Enfin, pour le seul mois de mars 2020, plus d'emplois ont été perdus que pour toute l'année 2012 . Alors que le taux de chômage avait diminué, tout en restant élevé, aux alentours de 16 % de la population active, il devrait augmenter de 6 points en Grèce d'ici la fin de l'année, pour s'établir à 22,3 %, soit le niveau le plus haut de la zone euro (10,4 % en moyenne), devant l'Espagne (20,8 %).
Cette situation s'explique en grande partie par la structure de l'économie grecque. Le tourisme est en effet le deuxième pilier de l'économie grecque derrière la marine marchande et représente 20,6 % du PIB, soit plus du double de la moyenne européenne (10 %), plus encore dans certaines régions - 80 % de l'économie de l'île de Santorin dépend du tourisme - et emploie un actif sur cinq. En 2019, la Grèce avait reçu environ 34 millions de visiteurs, pour des recettes de l'ordre de 18 milliards d'euros.
Or, la lutte contre la pandémie a exigé la fermeture des frontières et s'est traduite par la quasi-paralysie des transports maritimes et aériens. Dans ce contexte, la saison estivale risque d'être désastreuse . Selon le ministère grec du tourisme, la pandémie pourrait se traduire par une baisse des recettes touristiques d'environ 50 % . La perte de recettes des hôtels pourrait atteindre 4,5 milliards d'euros en 2020, tandis que 45 000 emplois seraient directement menacés.

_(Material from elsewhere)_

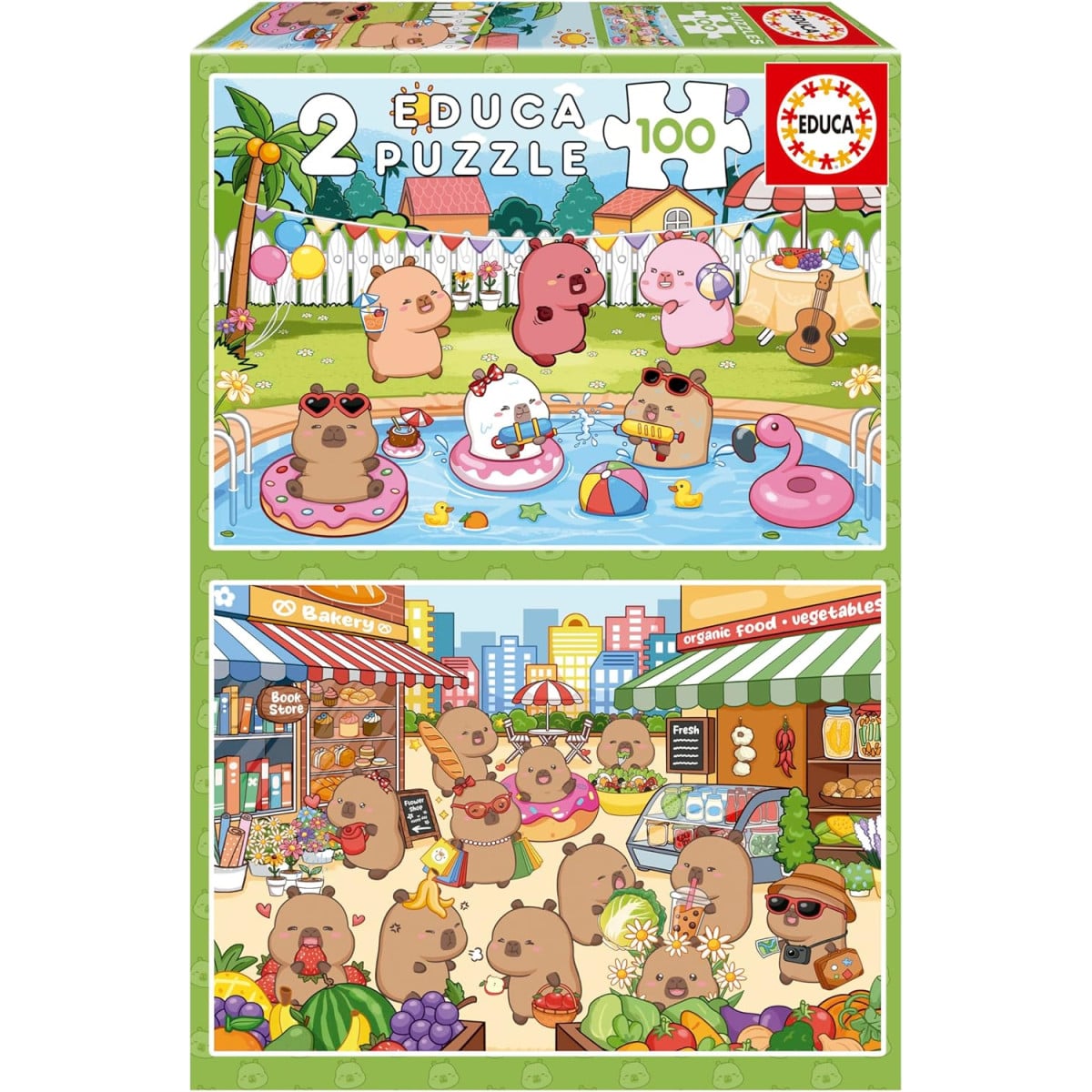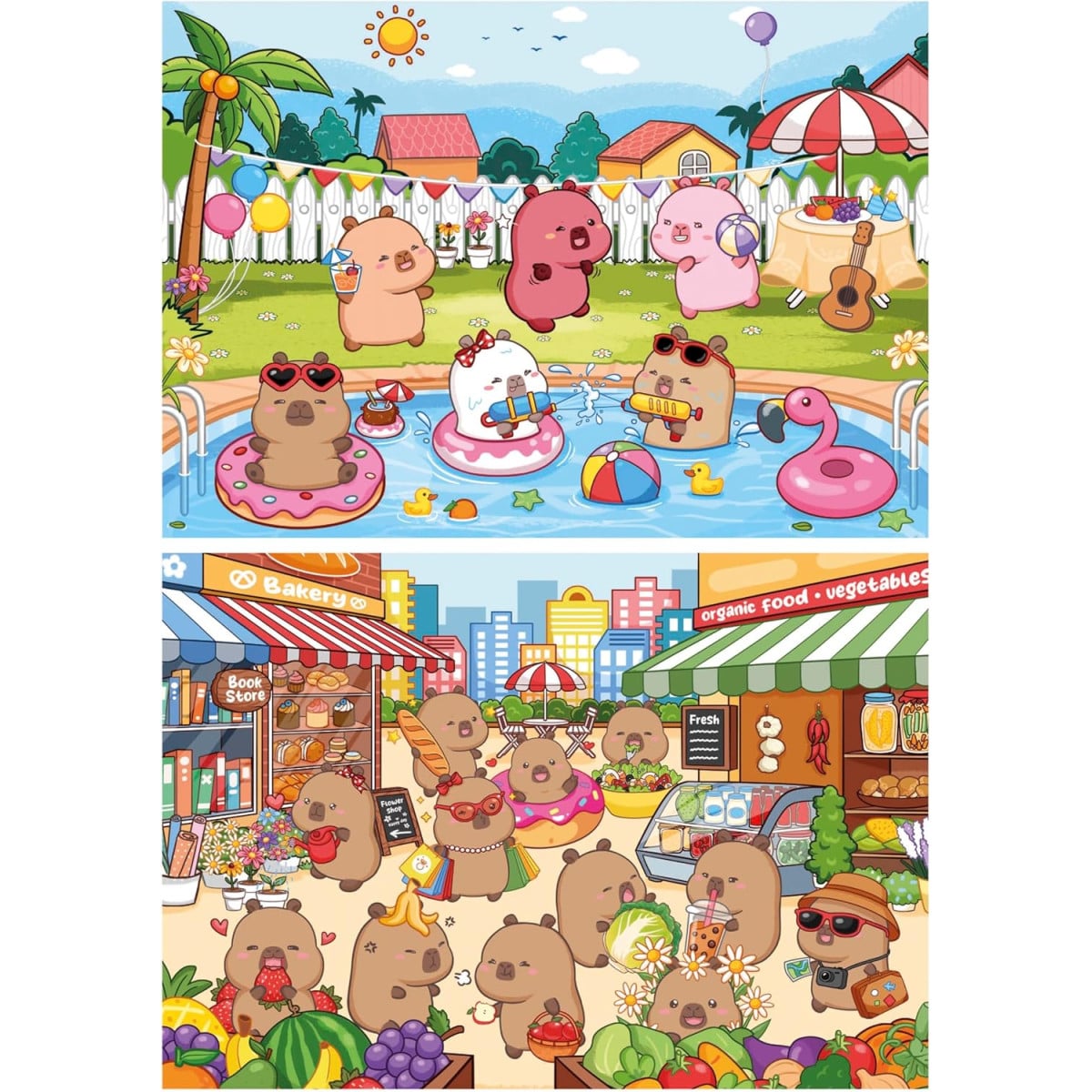 - Diseño: Set de 2 puzzles con ilustraciones divertidas de capibaras en escenas veraniegas y de mercado, llenas de color y detalles.
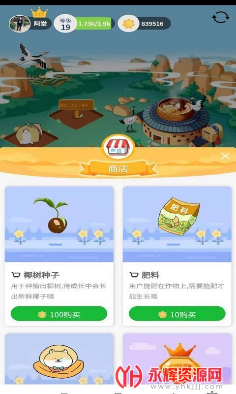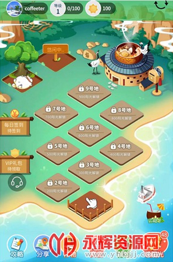 新用户登录后,免费赠送获得1块土地,1颗种子,15袋肥料,100阳光,一张看守犬卡。

Les autorités ont pris des mesures pour limiter ce risque. Elles valorisent sur la scène européenne leur gestion de la crise sanitaire de manière à rétablir un sentiment de sécurité chez les voyageurs, tout en restant prudentes pour ne pas se trouver confrontées à un afflux massif de touristes dans les îles, sous-équipées sur le plan sanitaire.
L'objectif est de préserver une saison touristique de trois mois (juillet, août et septembre), éventuellement prolongée en cas d'évolution positive de la pandémie. L'accès à la Grèce pourrait être limité aux seuls touristes européens , compte tenu du maintien attendu des restrictions de vols en provenance des pays tiers, et le gouvernement plaide pour une réouverture rapide des frontières intra-européennes. Il est par ailleurs probable que le tourisme intérieur ne compense pas la perte de recettes engendrées ordinairement par les touristes étrangers .
Le premier jour du déconfinement, le 4 mai, le Premier ministre Kyriakos Mitsotakis a estimé que, « dans le meilleur des scénarios, la Grèce va pouvoir commencer son activité touristique à partir du 1 er juillet et nous travaillons afin d'atteindre cet objectif ». Il a ajouté : « Supposons que les gens fassent des tests avant de prendre l'avion et qu'ils soient suivis de près, alors l'expérience touristique ne pourrait être que très légèrement différente des précédentes années ». Un calendrier a été présenté pour le secteur hôtelier : les hôtels fonctionnant toute l'année ont rouvert le 1 er juin, et les hôtels saisonniers le feront le 15 juin, alors que la date initialement prévue était le 9 juillet.
Les autorités grecques redoutent que les principaux États européens de provenance des touristes, tels que l'Allemagne, le Royaume-Uni ou la France, n'adoptent des mesures de quarantaine au retour des voyages, ce qui réduirait les flux. Elles cherchent à convaincre les pays des Balkans de l'intérêt de rouvrir les frontières sur la base de protocoles sanitaires et ont engagé des discussions avec des États tiers non européens, tels qu'Israël, l'Australie et la Nouvelle-Zélande.